In-context learning (ICL) and few-shot prompting: transformers learn from examples provided in the prompt by attending directly to them during generation. SSMs must compress prompt examples into the recurrent state, and the state may not preserve all the inductive signals needed for reliable few-shot learning. Mamba models show measurable ICL capability but lag transformers on tasks requiring precise pattern extraction from 5-10 in-context examples, particularly when the pattern is subtle.
Precise retrieval from long context: the “needle in a haystack” style tasks — finding a specific fact embedded in a large document — remain weaker for pure Mamba vs. transformers. The recurrent state is a lossy compression and information from very early in a long sequence may be overwritten by later content. Hybrid models (Jamba, Zamba) largely close this gap by including periodic attention layers.

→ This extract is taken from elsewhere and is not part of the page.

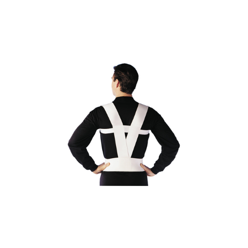 - Criss-crossed suspender like straps gently pull the shoulders back into the neutral position to decrease back and shoulder pain

Complex multi-step reasoning: tasks on MATH, AIME, and competitive programming benchmarks show a systematic ~3-5 point gap between the best SSM models and equivalent-parameter transformers. The hypothesis is that multi-step reasoning requires precise “in-context scratch pad” operations that attention’s exact retrieval enables but SSM’s lossy state hinders. This gap is largest on reasoning benchmarks and smallest on language modeling perplexity.
What is not a gap: language modeling perplexity on standard pretraining distributions, instruction following quality (for well-fine-tuned models), factual QA, and summarization are essentially equivalent between SSMs and transformers at matched scale and training tokens. The practical gap is narrower than the architectural difference might suggest.